I humbly submit that it is time to revive our long-dead document. To place an order to form a More Perfect Union. Because while I must admire the writings of James Madison and his “assembly of demigods” in Philadelphia, I take to heart the words of Jefferson: “The earth belongs always to the living generation.” He was, of course, talking about me. I am a member of that living generation. And assuming that you are reading this—and that you are not a zombie—you are, too.
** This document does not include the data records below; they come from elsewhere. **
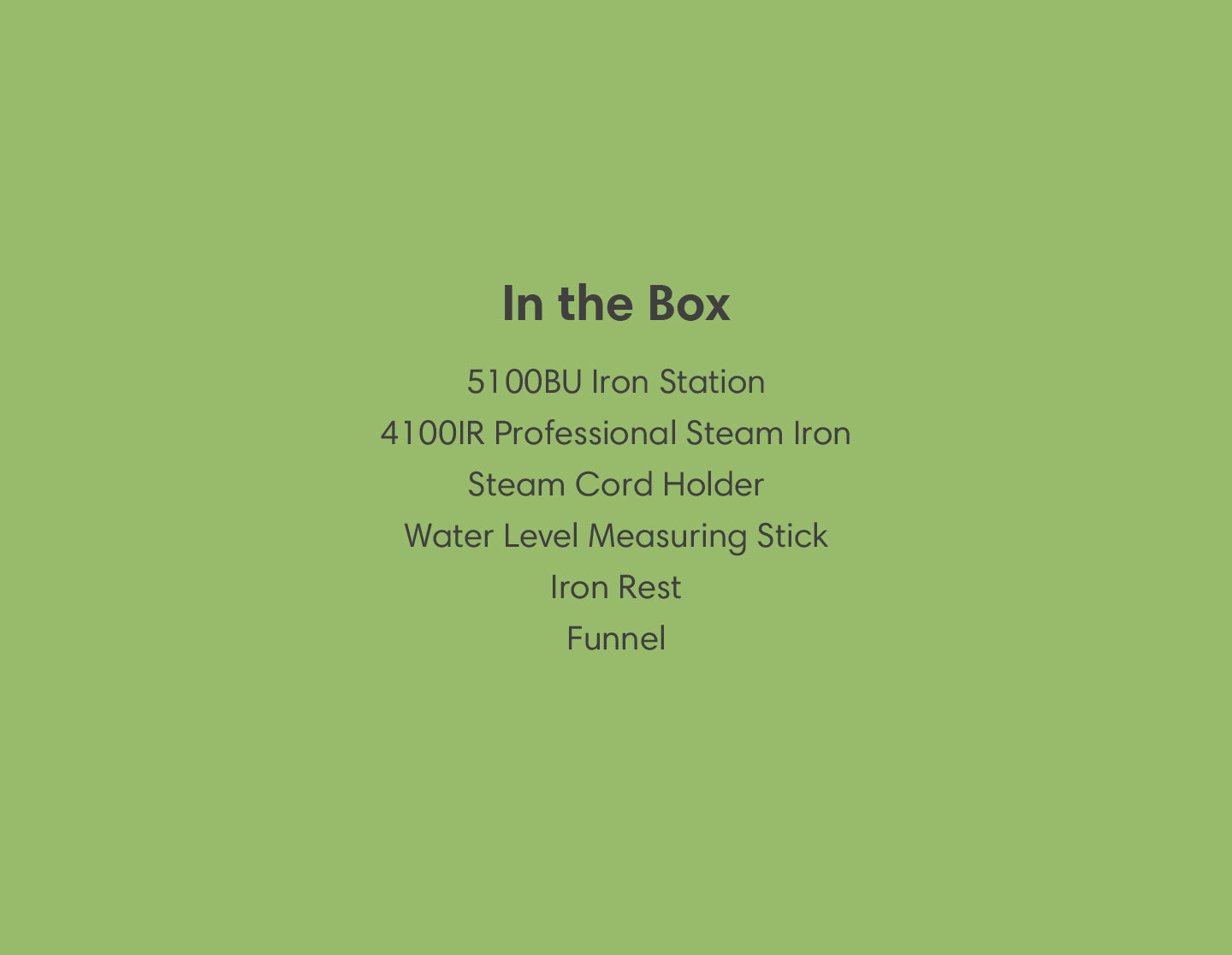 Equipped with 4100IRProfessional Steam Iron with 2.1m Steam Hose
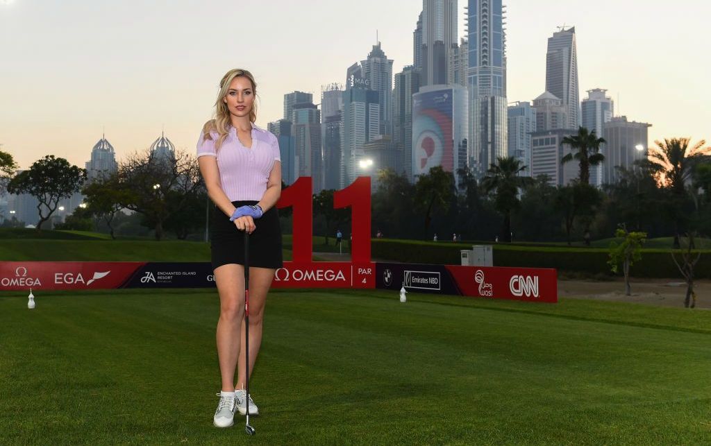Paige Spiranac durante un torneo en Dubai. Crédito: Tom Dulat | Getty Images
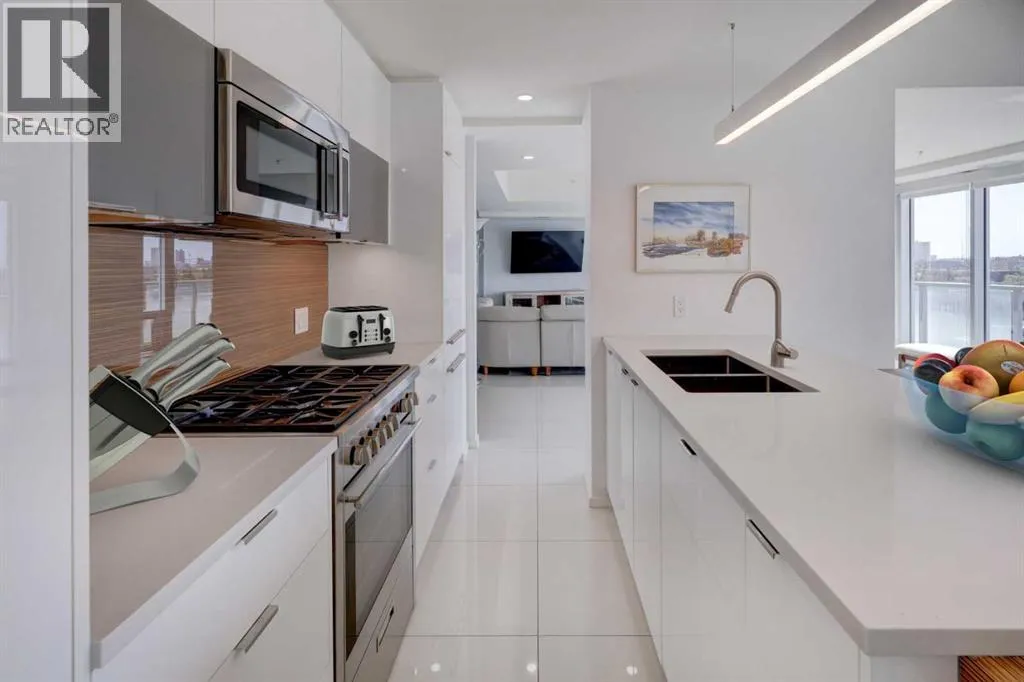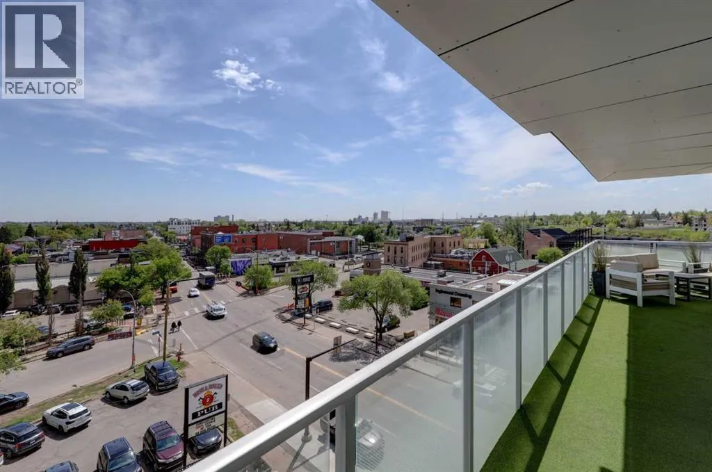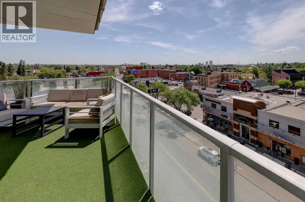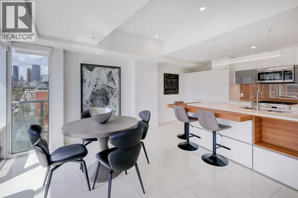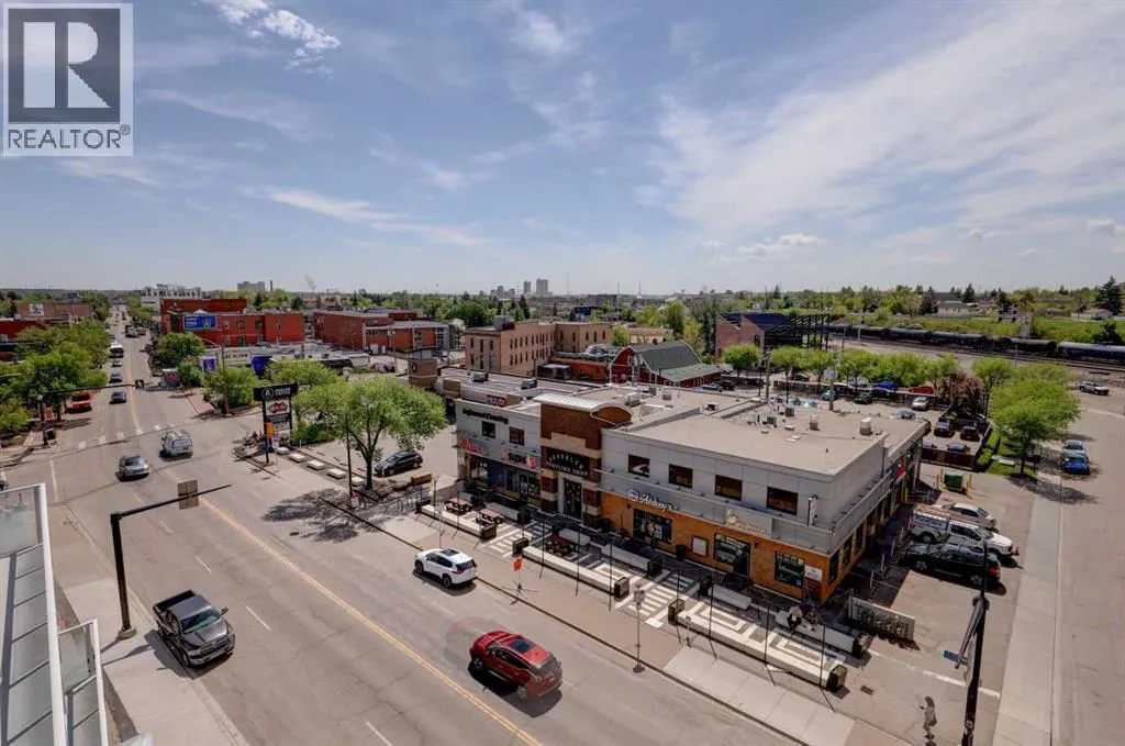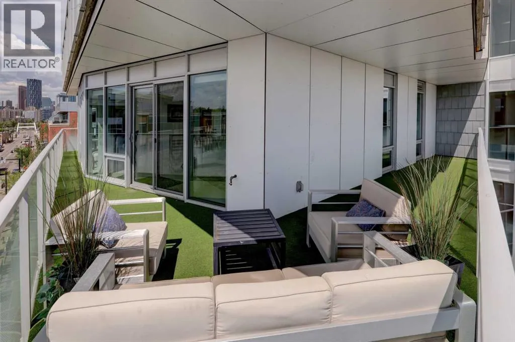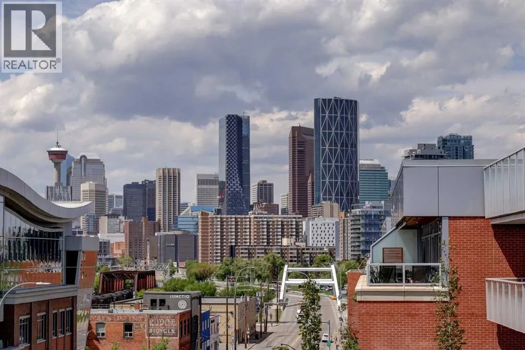 Welcome to unit 601, a stylish 1250+ sq ft sub-penthouse in the modern Avli On Atlantic- a very sleek building in historic Inglewood, steps to great shopping, excellent restaurants, cool pubs and an easy walk to the Bow Valley pathways, Fort Calgary,The Saddledome and downtown. This large 2 bedroom, 2 bathroom, 2 titled parking stall unit features a wall of windows flooding the main living space with natural light, architectural touches - cove ceilings, concrete pillar, gleaming tile floors and custom roller blinds. The European style kitchen has ample counter space, built in pantry, integrated dishwasher & fridge, additional cabinets and an extended quartz island with wooden accent, all over looking the dining and main living area, perfect for entertaining. Dual sliders open to the large 300+ square foot wrap around patio (with n-gas hook up) where you have stunning views of 9th Avenue, Ramsey, Inglewood and downtown. The large primary bedroom has modular storage cabinets and a 4 piece ensuite with floating dual vanity & heated floors, an excellent retreat. This unit has it all including ensuite laundry and storage, additional large storage locker, secure bike storage, visitor parking, guest suite and common furnished terrace (3rd floor) for larger get-togethers. The building is very well taken care of and the location is supreme. (id:27476)
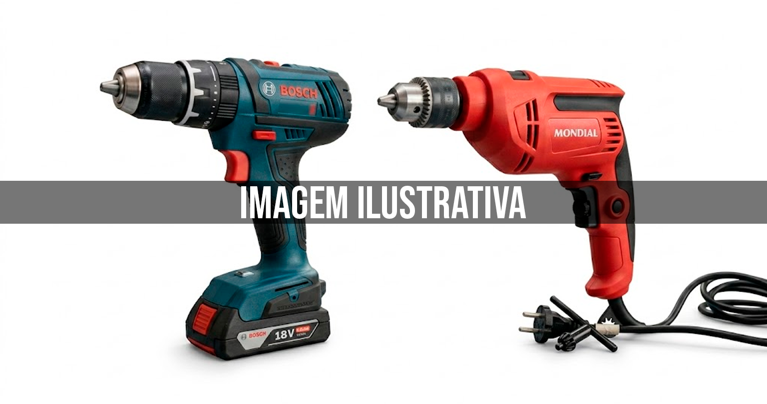 02 Furadeiras, sendo 01 marca Bosch, na cor azul e 01 marca Mondial, na cor vermelha.
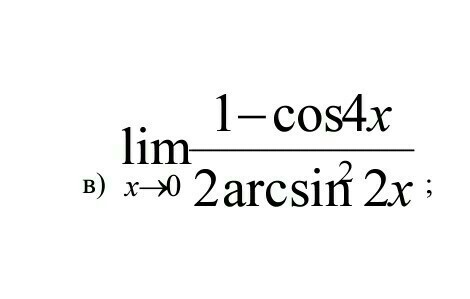 lim(x→0) [(1 - 4cos4x)/2arcsin²2x) = lim(x→0) [4sin4x · (1 - 4x²)/8] =
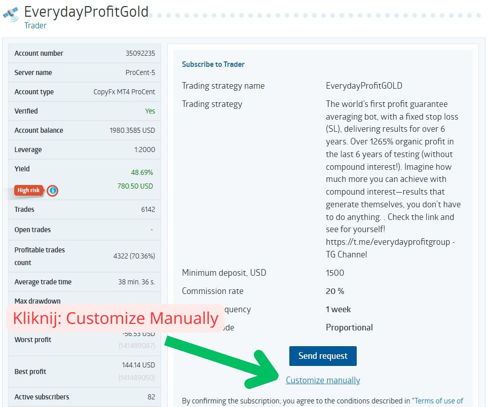 Zasil konto handlowe dowolną kwotą od 1500$ wzwyż. EverydayProfit działa poprawnie przy każdym kapitale powyżej 1500$.
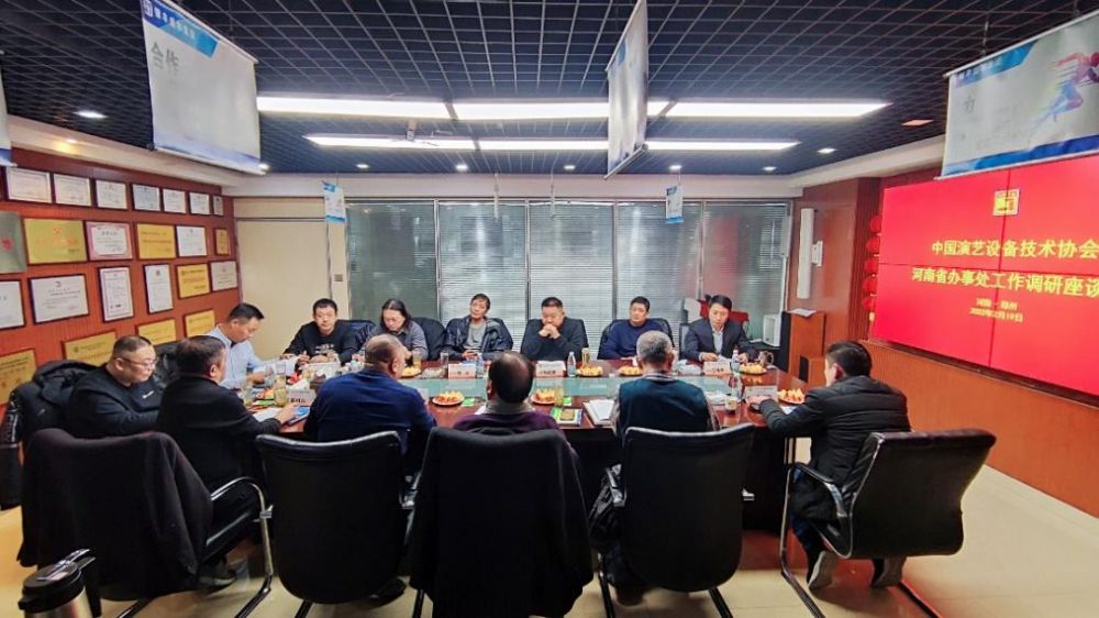 2月19日,协会理事长朱新村、秘书长黄增光、副秘书长兼专委会秘书处秘书长郭金锁一行来到河南省办事处,就开展演艺制作服务综合技术能力等级评定试点工作座谈。办事处主任尚红宾,主任专家刘政,副主任专家郭振涛,副主任陈礼周,秘书长王伟东,常务副秘书长罗可力、孙宏伟,副秘书长耿新科,会员单位代表罗陈昊、任才等参加了会议。

For my part, I have spent the last three years (nights and weekends, mainly) consulting with Jefferson, and confabbing with Madison. To research my book Me the People—in which I have rewritten the entire Constitution of the United States—I flew to Greece, the birthplace of democracy. I bused to Philly, the home of independence. I even, if you can believe it, read the Constitution of the United States.
As our wily neighbor from the north vies for global constitutional dominance, I only regret that I have but one opinion to give for my country. But together, We the People can fight back against They the Canucks. So join me, won’t you? I call on you, my fellow patriots, to rise up. To pay every price, and bear every burden to keep America’s founding document the Best Founding Document Ever. Forget Occupy Wall Street. To you I say, Occupy Independence Hall. Or at least, help me rewrite the Constitution. Propose a change. Revise a clause. Suggest your very own amendment to ratify. And submit an amendment by clicking the "Enter Your Idea" button. Then come right back to comment on other Slate readers’ ideas. Slate staffers and others will stop by from time to time to present their own modest proposals for improving on the founders’ work; tell us why we’re right, and where we’re wrong. You can also send your proposals to @kevinbleyer and @Slate, hashtag #methepeople. Voting will end June 19 and we’ll announce the winners, fittingly, in time for Independence Day. It’s not much, but it’s what @thomasjefferson would do. #every19years
Corrections, June 1, 2012: This article originally called the U.S. Constitution “the longest-surviving written charter of any government on earth.” The constitution of Massachusetts predates it, though among national charters, the U.S. Constitution is the longest-surviving. The article also originally referred to New York’s two NFL teams. There are three: the Jets, the Giants, and the Buffalo Bills.